The impact of non-thermal electrons on event horizon scale images and spectra of Sgr A*
Abstract
Decomposing an arbitrary electron energy distribution into sums of Maxwellian and power law components is an efficient method to calculate synchrotron emission and absorption. We use this method to study the effect of non-thermal electrons on submm images and spectra of the Galactic center black hole, Sgr A*. We assume a spatially uniform functional form for the electron distribution function and use a semi-analytic radiatively inefficient accretion flow and a 2D general relativistic MHD snapshot as example models of the underlying accretion flow structure. We develop simple analytic models which allow us to generalize from the numerical examples.

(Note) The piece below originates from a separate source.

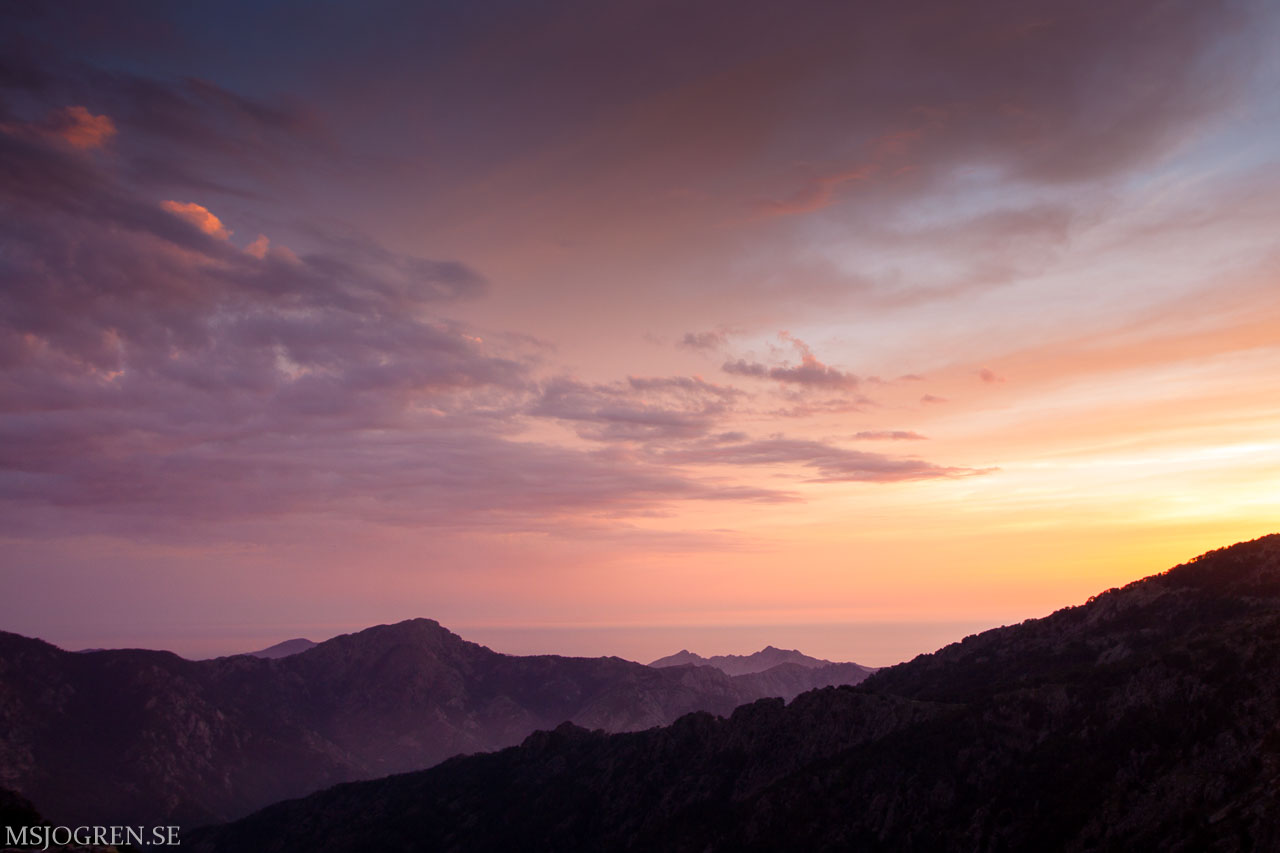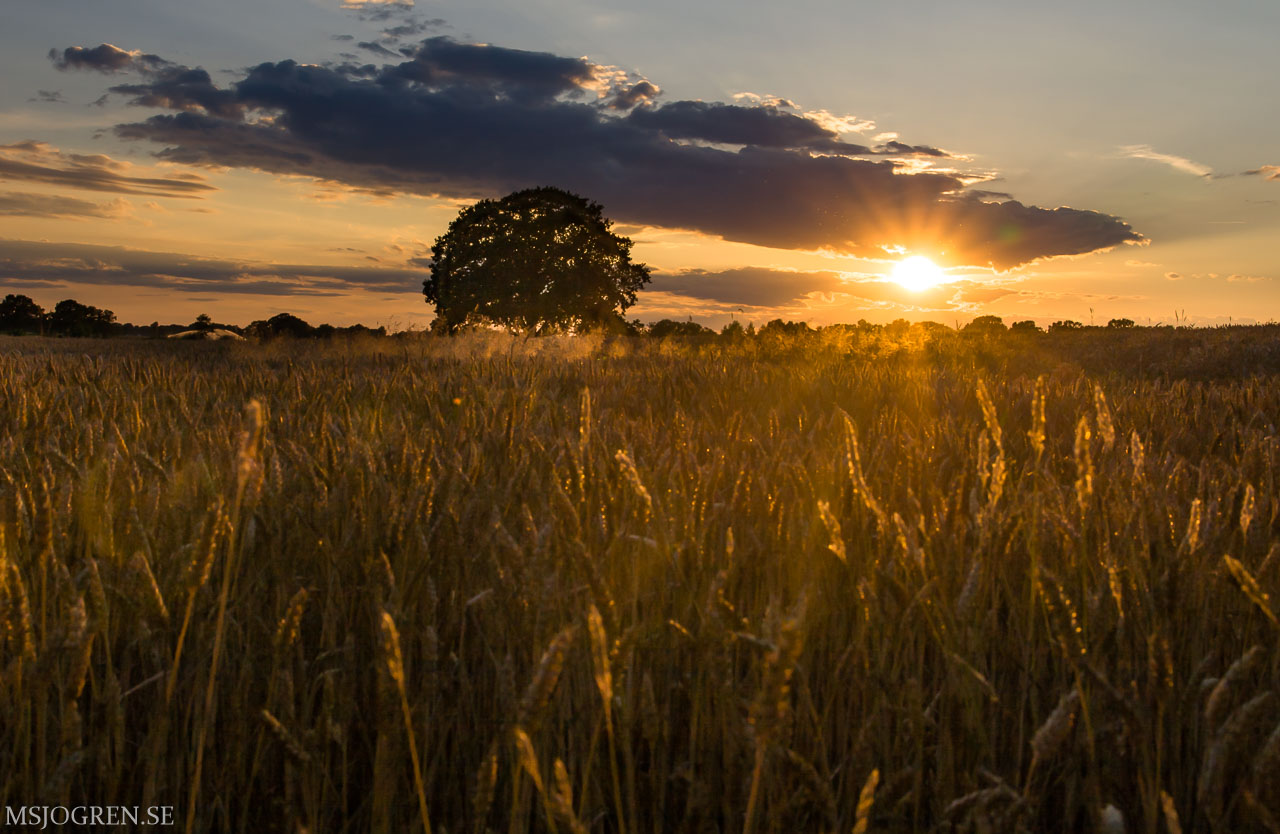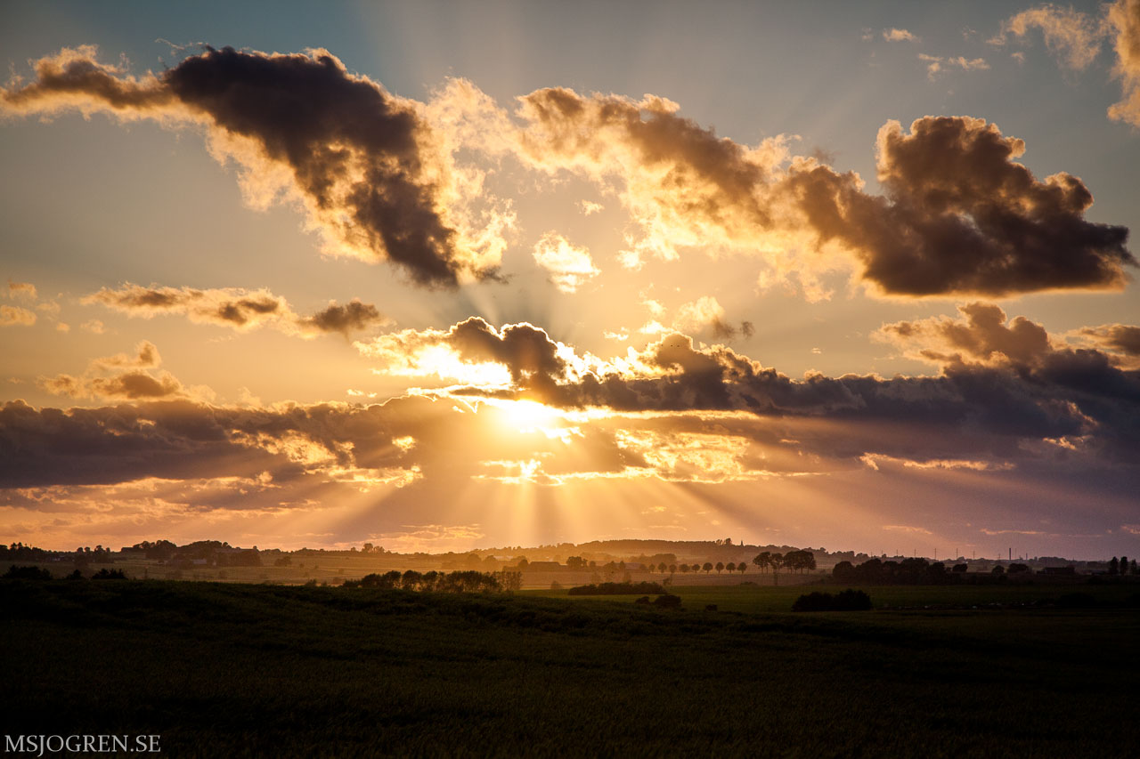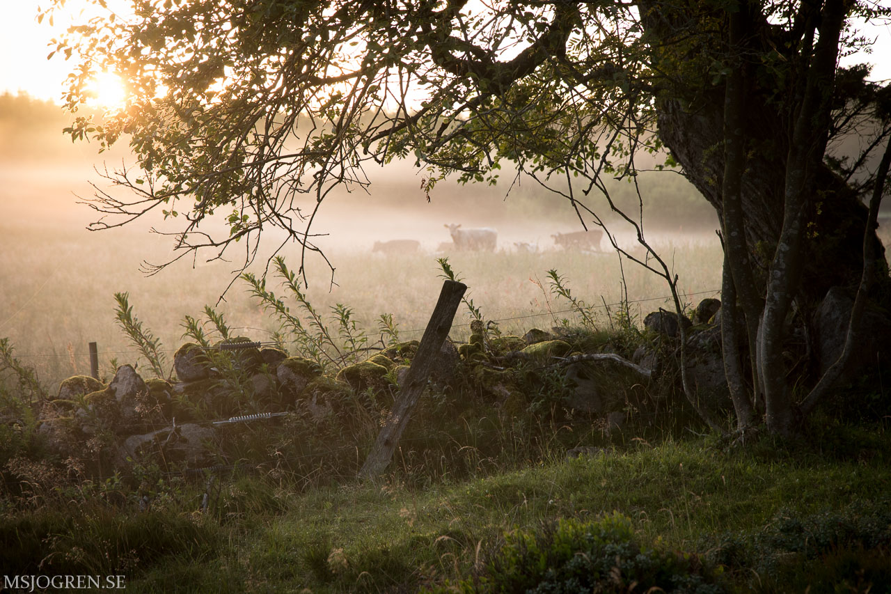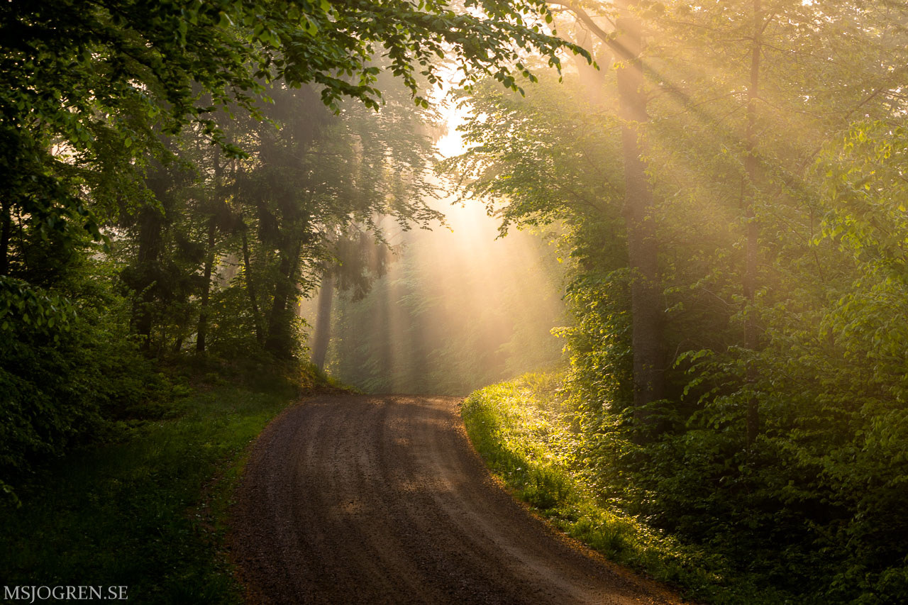 Morgonljus där solen just håller på att bryta genom

A high energy electron component containing a small fraction (few per cent) of the total internal energy (e.g. a "power law tail") can produce a diffuse halo of emission, which modifies the observed image size and structure. A population of hot electrons with a larger energy fraction (e.g. resulting from a diffusion in electron energy space) can dominate the emission, so that the observed images and spectra are well approximated by considering only a single thermal component for a suitable choice of the electron temperature. We discuss the implications of these results for estimating accretion flow or black hole parameters from images and spectra, and for the identification of the black hole "shadow" in future mm-VLBI data. In particular, the location of the first minimum in visibility profiles does not necessarily correspond to the shadow size as sometimes assumed.